Il mago di Oz di L.Frank Baum

Trama

Dorothy vive in Kansas con gli zii e un cane. Quando un giorno, un ciclone solleva la sua casa, la bambina e il cane, ancora all’interno, vengono trasportati in volo fino alla Terra Blu dei Munchkin. È l’inizio di una magica avventura in compagnia di uno spaventapasseri, un leone e un omino di latta. I Classici tascabili: una nuova collana che propone ai ragazzi i romanzi più amati e famosi di tutti i tempi insieme a perle da riscoprire. La grafica di copertina, affidata alle mani di Edwin Rhemrev, giovane illustratore olandese, avvicina le giovanissime generazioni a libri intramontabili, troppo spesso ritenuti lontani dall’immaginario con

temporaneo.

 

Sin dalla sua pubblicazione nel 1900 Il mago di Oz di Lyman Frank Baum ha avuto un immenso successo, garantendo al suo autore la sicurezza economica da tanti anni inseguita e gettando le basi per un musical di successo, tre film (tra i quali memorabile quello del 1939 con Judy Garland) e una quantità imprecisata di pièce teatrali. Uno stile frizzante, surreale, carico di uno humour spietato che coglie il meglio dell’infanzia, senza le pesantezze gotiche della fiaba classica, e una serie di personaggi davvero indimenticabili. L’Uomo di latta in cerca di un cuore, lo Spaventapasseri in cerca di un cervello e il Leone in cerca di coraggio costituiscono una squadra di ‘spalle’ tanto azzeccate da accompagnare la protagonista Dorothy per tutto il fantastico viaggio. 
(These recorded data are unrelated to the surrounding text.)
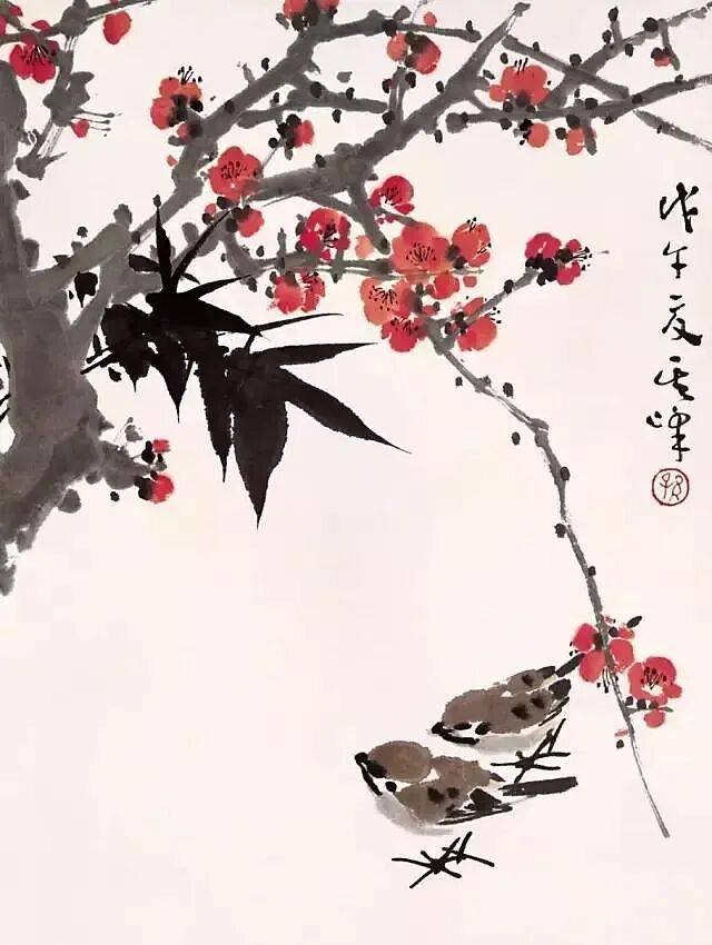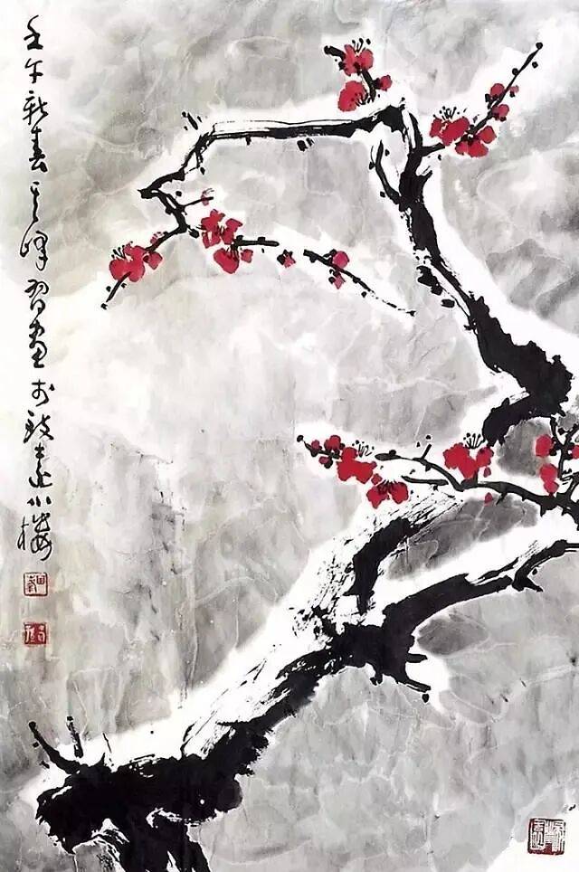 他圈花用笔圆活,能准确表现梅花正面、侧面、背面的不同形态。单瓣花起手练习,复瓣花在外缘加圈即可,注重花与枝的呼应关系。花瓣以淡墨晕染,浓墨点蕊,突出冰清玉洁之感。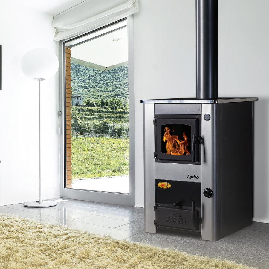 Odaje utisak kamina, zahvaljujući vatrostalnom staklu na vratima ložišta. Konstrukcija šporeta CONCEPT 2 MINI omogućava precizno regulisanje intenziteta temperature, lako loženje gorivom i čišćenje pepela. (23 kW snaga preneta na vodu, 2 kW snaga predata zračenjem)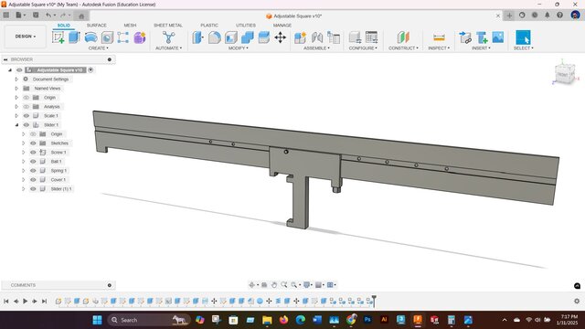 This project focuses on the **mechanical design** and **CAD modeling** of a **Custom Adjustable Drafting Square**. This specialized tool (or jig) is engineered for users requiring highly repeatable and precise angle/square adjustments.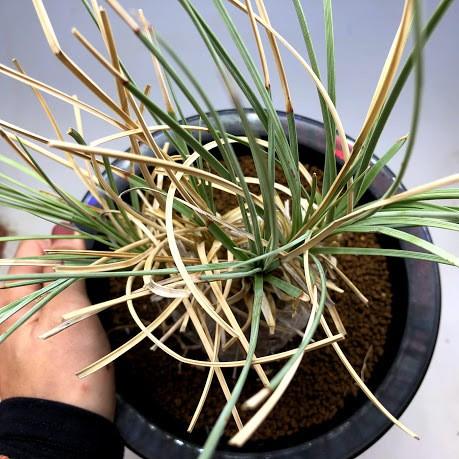 商品情報 [サイズ]葉幅:約35cm 塊根幅:約7.5cm 樹高:約22cm 鉢径:約18cm [商品情報]葉と塊根、どちらも見ごたえのある、人気のカリバナスフーケリー。 バキバキと割れ始めているコーデックス部分は大迫力!! 耐寒性・耐乾燥性があり、樹勢強健で、お育ていただきやすく、しっかり根の張った固体は、露地栽培可能です。 お庭の主役・シンボルツリーにお育ていただくもよし、インテリアにしていただくもよし! 科名:リュウゼツラン科 属名:カリバナス属 原産地:メキシコ 撮影:2019年2月21日 *写真の現品をお届けします。 [育て方について]・置き場所 年間を通して日光のあたる明るい場所で管理します。基本的には日光を好み、日照が不足すると弱い株になってしまいますので、たくさん日に当ててあげましょう。また、寒さは強いですが、氷点下の日が続くようでしたら冬場は室内に保護する方が無難です。 ・水やり 水かけは、土が乾いたらたっぷり与えます。夏は6日に1度。春・秋には10日に1度が目安です。冬場は春まで乾かしめに管理し、月に1〜2度、温かい日に水かけします。 ・肥料 あまり必要ありませ |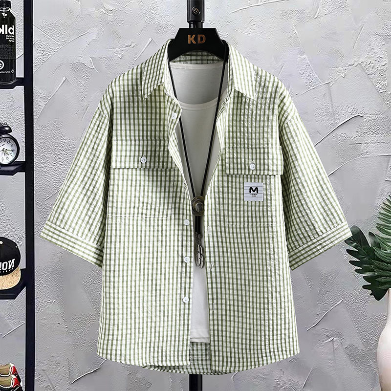 夏季新款五分袖男士条纹衬衫男短袖休闲潮流时尚宽松百搭中袖衬衣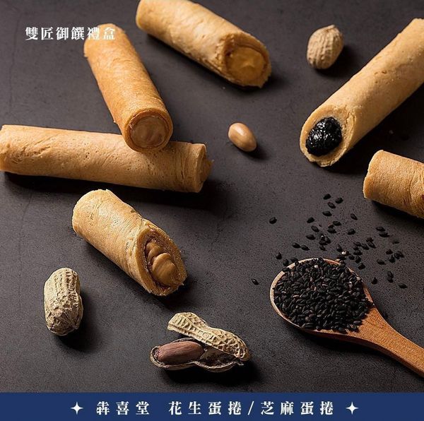 盒內包括:法式金旺酥(6包)花生蛋捲(2支) 芝麻蛋捲(2支) 南棗核桃糕 (120g/袋)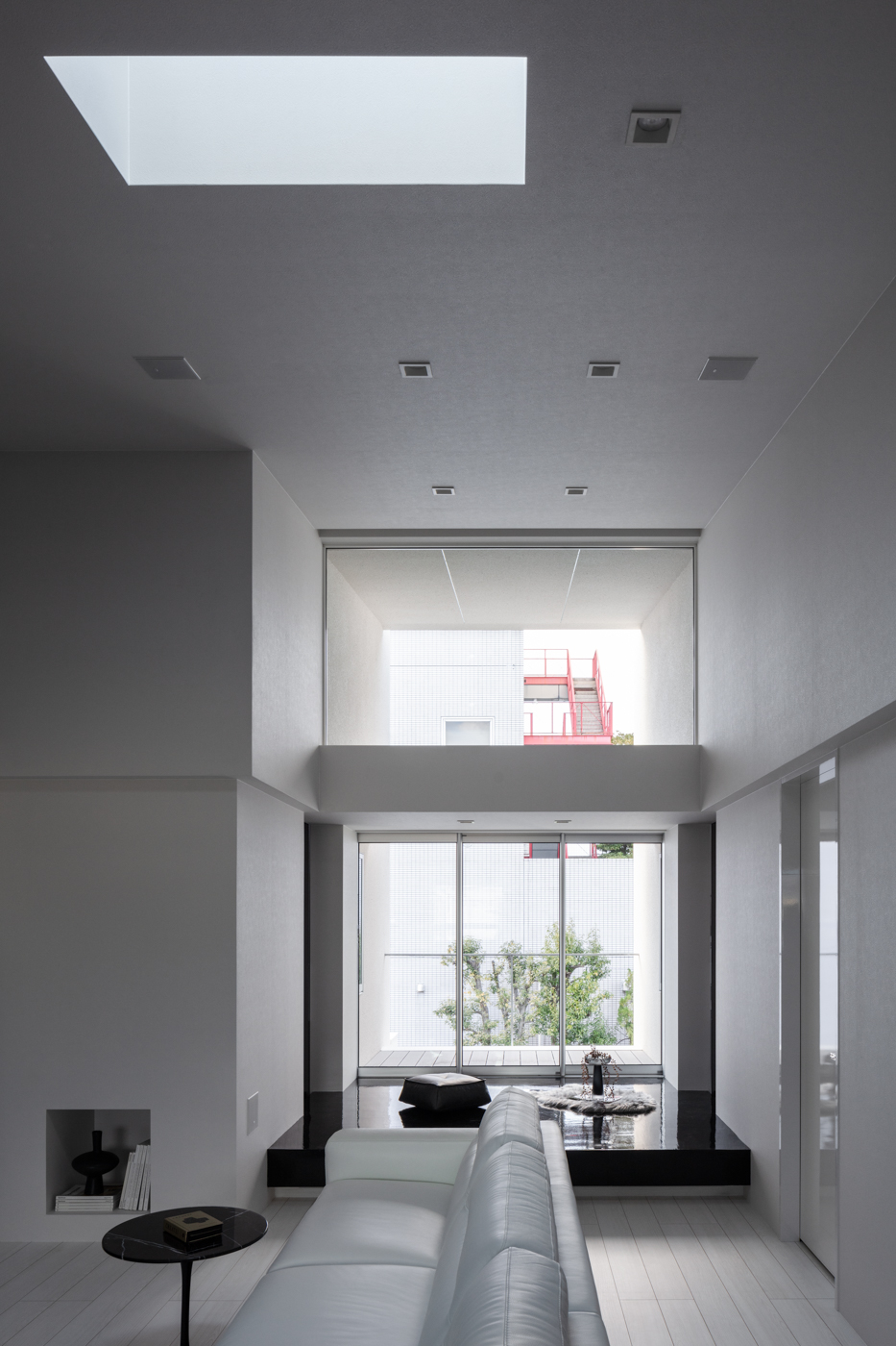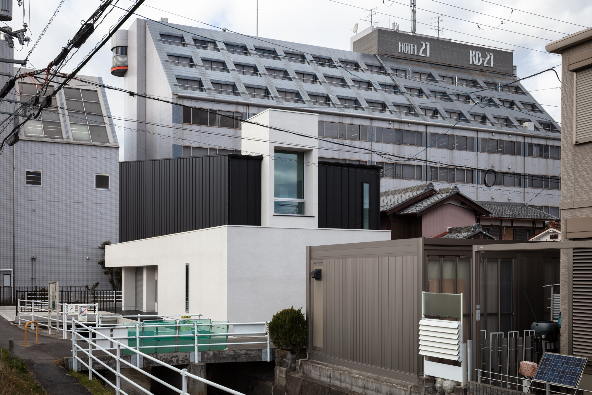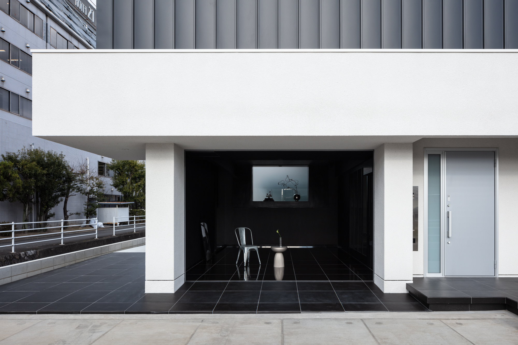동서로 이어지는 좁고 긴 대지에 맞게 건축물을 배치하면서 사생활을 보호할 수 있도록 벽의 개방은 최소한으로 했다. 대지의 서측으로 인접한 크고 긴 건물은 대지와 마주한 방향으로 개방적인 외부 공간을 가지고 있었다. 건축가는 이를 최대한 활용하여 인접한 건물을 향해 입구와 발코니를 두고 시야를 개방하여 객실 내부를 조망할 수 있게 하였다. 이렇게 다듬어진 전망은 도시화된 풍경을 자아내며 실내의 세련된 분위기를 연출한다. 대지에서 건물이 차지하는 비중이 큰 만큼 납작한 지붕과 차고의 대비가 만들어 내는 자유롭고 생동감 있는 존재감 속에서 외벽의 스프레이 코팅과 갈바륨 마감의 조화가 돋보인다. 출입구의 슬라이딩 도어를 열면, 내부 공간은 홀과 극적으로 확장되어 합쳐진다. 실내는 블랙 톤으로 통일되어 있는데, 무광 유리에 약한 빛이 스며들어 주택의 여러 물체와 창턱에 자리잡은 오브제의 윤곽을 강조한다. 광택이 나는 바닥의 반사는 색다른 상황을 연출한다. 2층의 LDK는 동측과 서측의 풍경을 연결하는 입구와 경사가 높은 천장을 활용하여 역동적인 느낌으로 제안했다.

Non è da trascurare  neanche la forte coloritura sociale che si legge soprattutto nei primissimi capitoli del romanzo, nei quali si accenna con poche ma efficaci parole alla povertà dei contadini di un Kansas fatto di erba grigia, di terra spaccata dal sole e di distese a perdita d’occhio percorse da devastanti uragani. Al al di là delle svariate e possibili interpretazioni, ciò che rimane centrale è il viaggio compiuto da Dorothy. Un viaggio che mostra la strada verso la scoperta della propria identità e mette a nudo l’inadeguatezza degli adulti nell’aiutare i piccoli a diventare grandi costringendoli a prendere coscienza della debolezza dei grandi e a prendere in mano il proprio destino: si cresce facendo esperienza.

Dorothy rappresenta il bisogno di fuga proprio di ogni uomo. La vicenda di Dorothy spinge ognuno di noi a cercare un proprio spazio nel mondo, a trovare le forze per farlo proprio dentro noi stessi (le scarpette d’argento sono gli strumenti che Dorothy ha sempre posseduto, necessari per tornare a casa). Ci dice che c’è un diverso ordine dell’esistenza, che si può varcare il grigiore del proprio orizzonte vitale.

Dorothy, con la sua genuinità e semplicità, racconta anche l’irresistibile ascesa del potere femminile e aiuta a smascherare l’illusorietà del potere maschile. Dorothy afferma i colori positivi della vita contrapponendoli al linguaggio della violenza e della morte. Il viaggio di Dorothy si chiude con un atto di obbedienza agli ordini della fata Glinda, il definitivo ritorno all’ordine e all’accettazione dell’esistente. Dorothy indossa le scarpette per tornare a casa e pronuncia la fatidica frase:“sono così felice di essere di nuovo a casa”. Ma non lasciamoci ingannare, non è questo il lieto fine del racconto. Quando Dorothy ritorna nel Kansas, sorride alla zia Em e allo zio Henry ed è felice. Quel mondo però è privo di colori, è chiuso e soffocante. Lo ama certo, ma sa che esiste dell’altro. Non può più mettere fissa dimora lì. La sua vera casa è altrove. Oz tutto sommato non è lontano e si può anche decidere di prendere una doppia cittadinanza continuando a viaggiare per tutta la vita, nel senso di cambiare, crescere. Non c’è bisogno di bagaglio, basta tenere sempre le scarpette d’argento a portata di mano.